+++ DATA FOR THE TASK +++

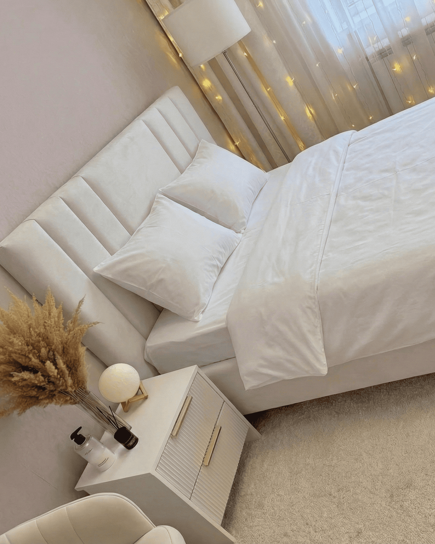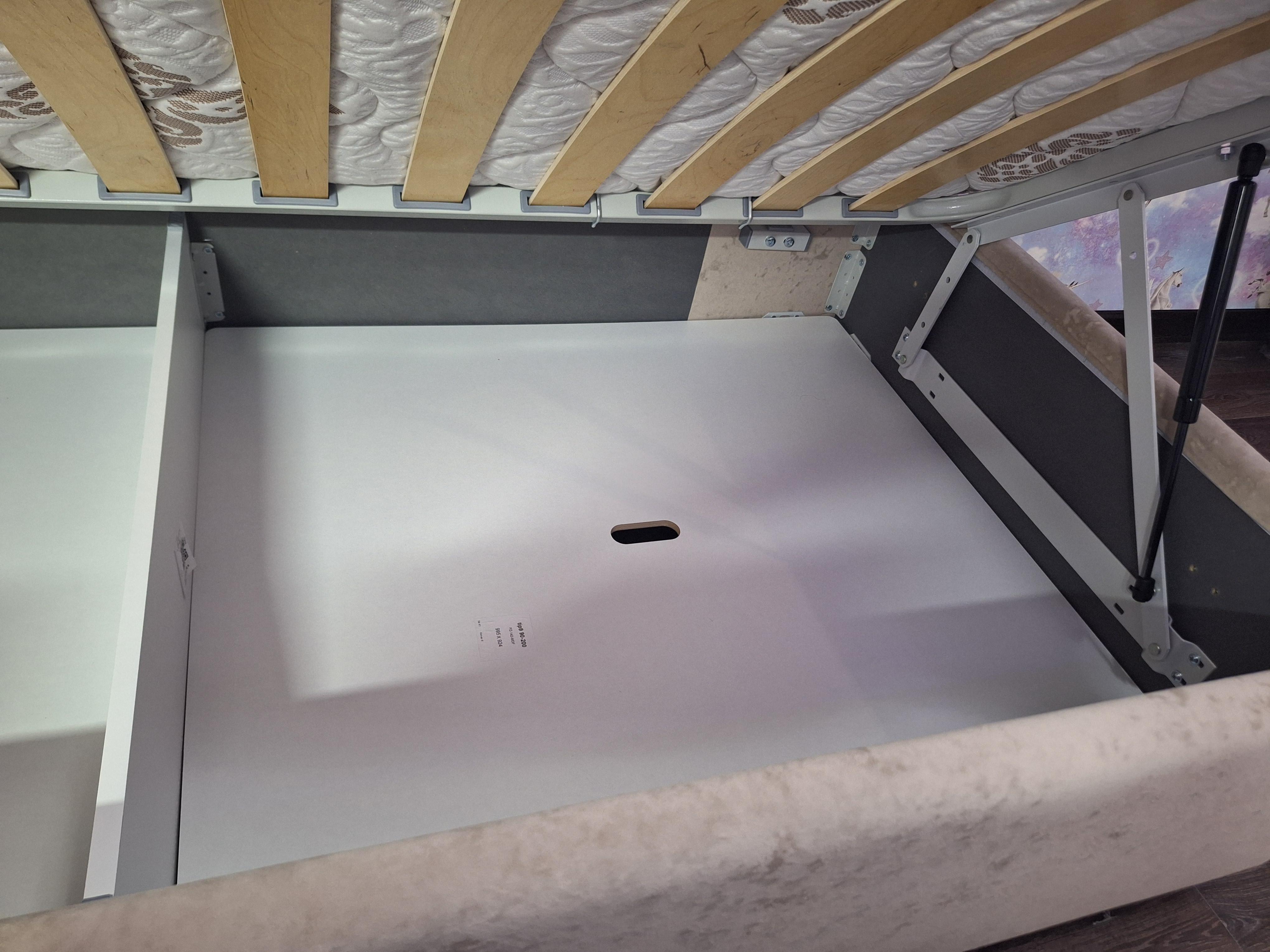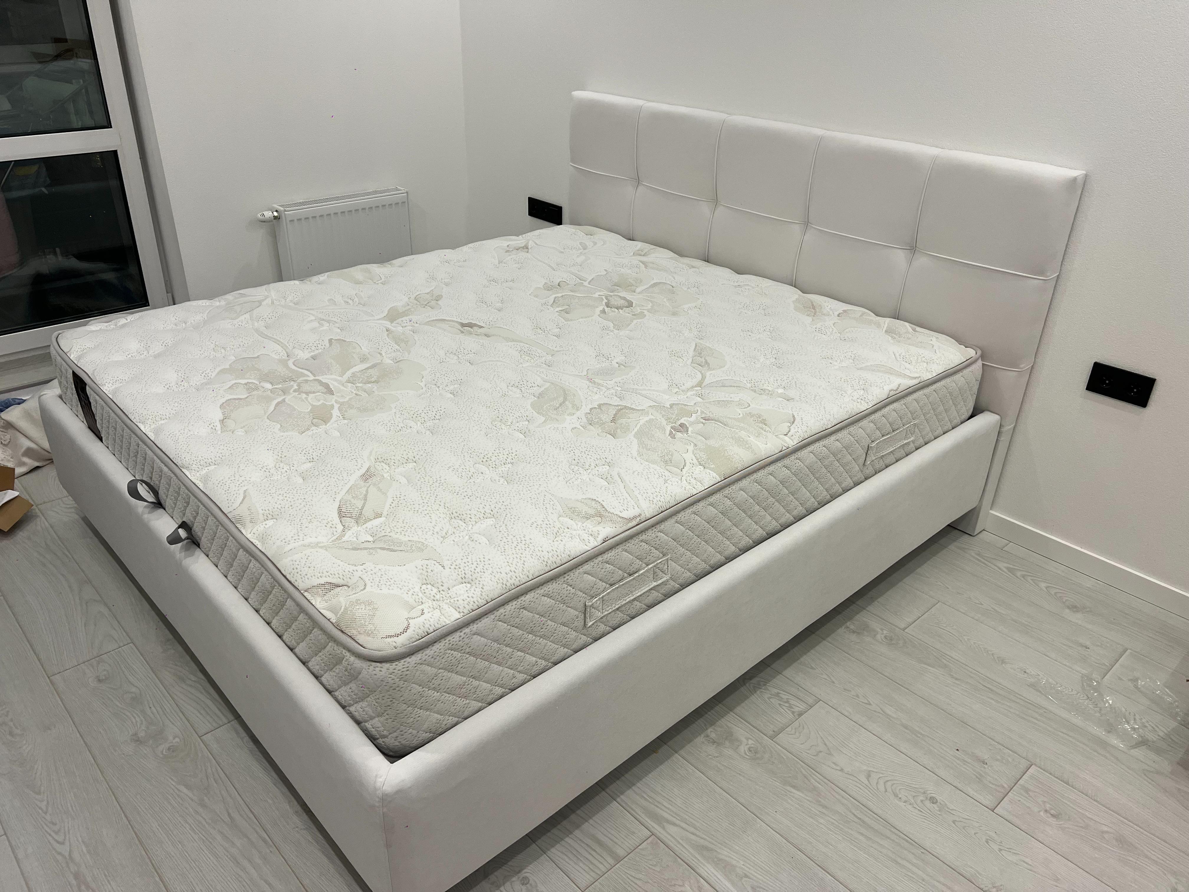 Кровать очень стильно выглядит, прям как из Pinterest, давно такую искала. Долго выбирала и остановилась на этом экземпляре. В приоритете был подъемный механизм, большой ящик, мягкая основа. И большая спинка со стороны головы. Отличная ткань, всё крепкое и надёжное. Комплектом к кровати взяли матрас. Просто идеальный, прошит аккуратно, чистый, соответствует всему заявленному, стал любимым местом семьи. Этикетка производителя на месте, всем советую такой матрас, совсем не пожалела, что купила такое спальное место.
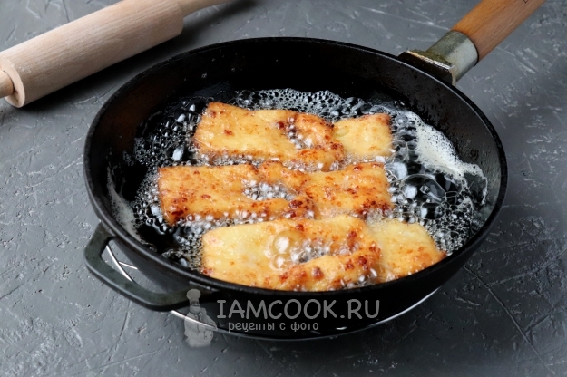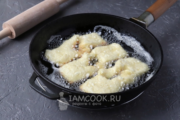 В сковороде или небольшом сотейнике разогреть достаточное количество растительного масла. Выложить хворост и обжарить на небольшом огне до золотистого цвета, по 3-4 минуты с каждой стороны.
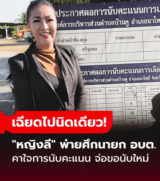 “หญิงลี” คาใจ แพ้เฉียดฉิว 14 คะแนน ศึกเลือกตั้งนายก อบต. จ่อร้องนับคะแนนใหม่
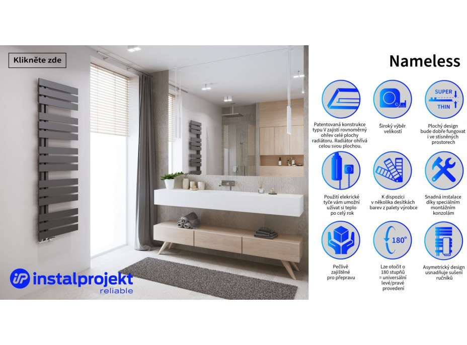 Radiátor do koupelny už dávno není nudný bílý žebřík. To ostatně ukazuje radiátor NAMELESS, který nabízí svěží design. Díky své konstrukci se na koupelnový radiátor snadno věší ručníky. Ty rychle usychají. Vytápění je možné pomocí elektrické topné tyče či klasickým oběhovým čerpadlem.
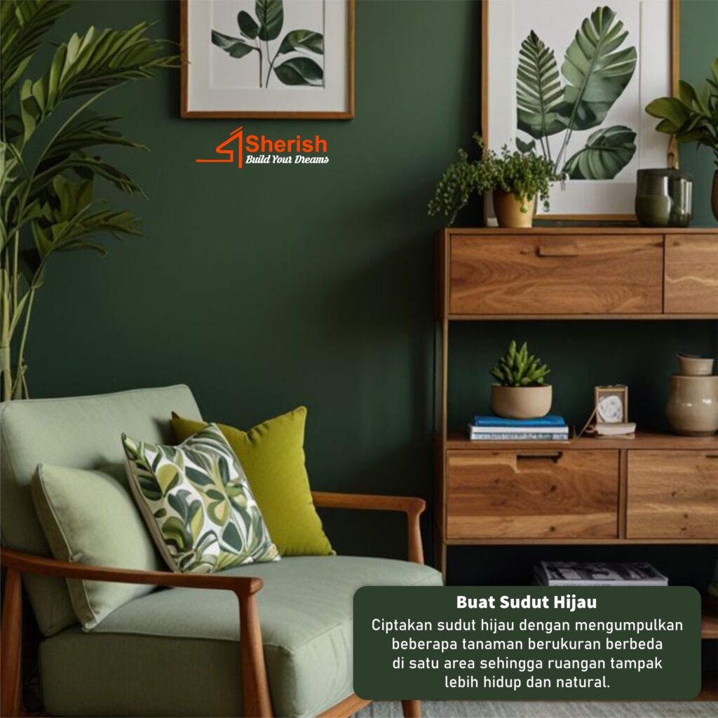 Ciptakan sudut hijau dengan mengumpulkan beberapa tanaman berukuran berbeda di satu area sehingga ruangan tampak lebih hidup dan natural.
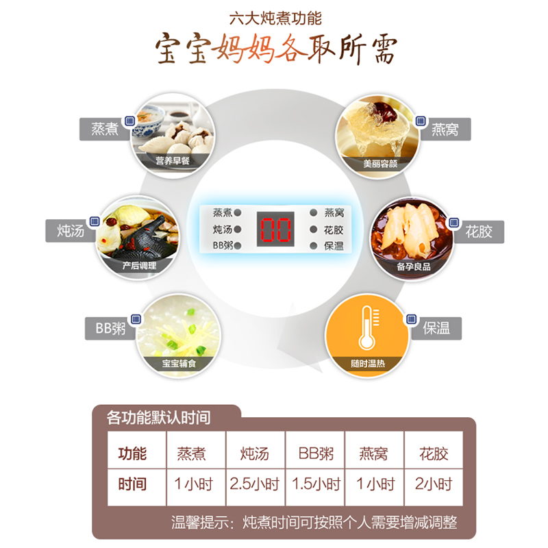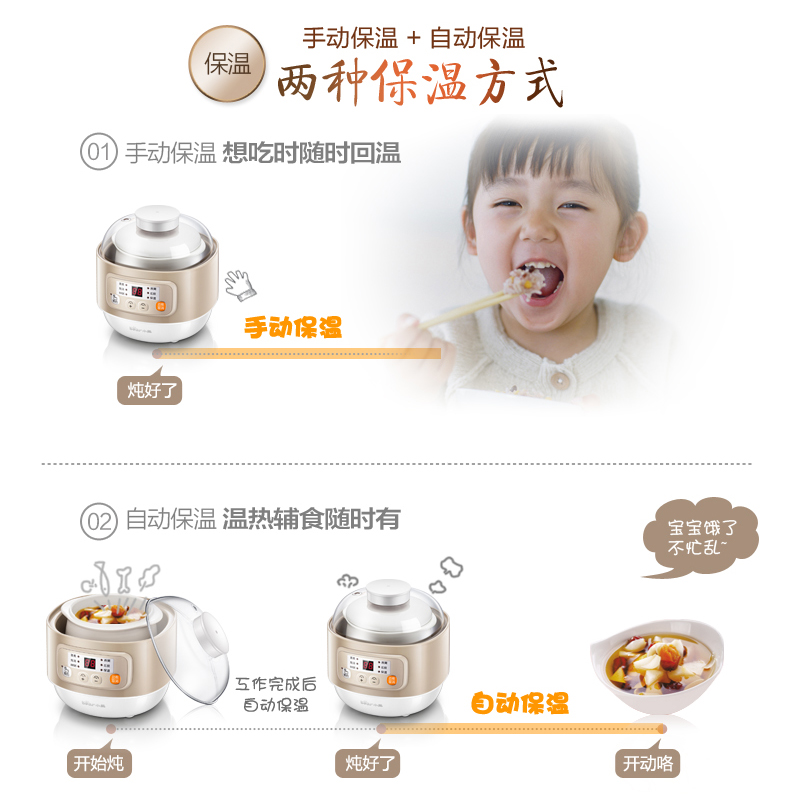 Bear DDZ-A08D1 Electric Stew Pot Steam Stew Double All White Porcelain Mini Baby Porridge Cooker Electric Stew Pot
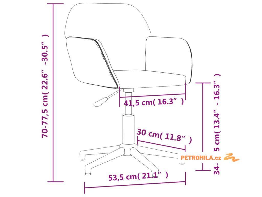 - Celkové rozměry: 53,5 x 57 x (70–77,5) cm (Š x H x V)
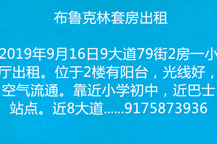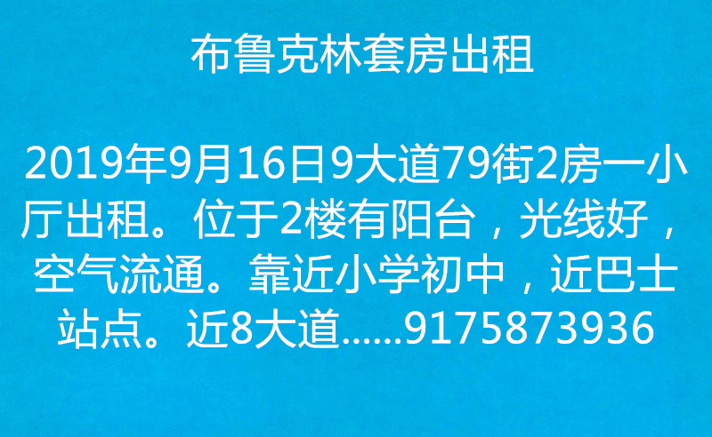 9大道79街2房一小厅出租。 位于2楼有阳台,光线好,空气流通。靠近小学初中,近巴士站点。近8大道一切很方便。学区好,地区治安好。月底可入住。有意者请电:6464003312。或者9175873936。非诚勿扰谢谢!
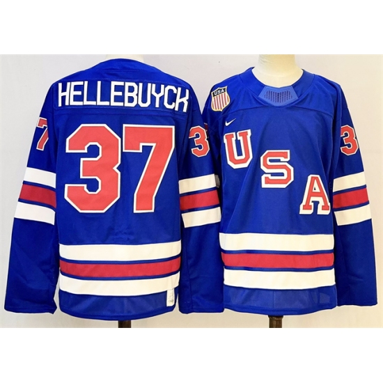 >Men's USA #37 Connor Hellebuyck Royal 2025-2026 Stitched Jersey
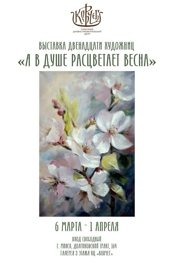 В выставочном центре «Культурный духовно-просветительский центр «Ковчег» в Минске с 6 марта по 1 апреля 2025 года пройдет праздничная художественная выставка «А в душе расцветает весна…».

+++

Reproduce exactly, and only, the lines from the one containing "- Celkové rozměry: 53,5" through the last line of the records above, both included, leaving out any pictures.

» EXERCISE ANSWER:
 - Celkové rozměry: 53,5 x 57 x (70–77,5) cm (Š x H x V)
 9大道79街2房一小厅出租。 位于2楼有阳台,光线好,空气流通。靠近小学初中,近巴士站点。近8大道一切很方便。学区好,地区治安好。月底可入住。有意者请电:6464003312。或者9175873936。非诚勿扰谢谢!
 >Men's USA #37 Connor Hellebuyck Royal 2025-2026 Stitched Jersey
 В выставочном центре «Культурный духовно-просветительский центр «Ковчег» в Минске с 6 марта по 1 апреля 2025 года пройдет праздничная художественная выставка «А в душе расцветает весна…».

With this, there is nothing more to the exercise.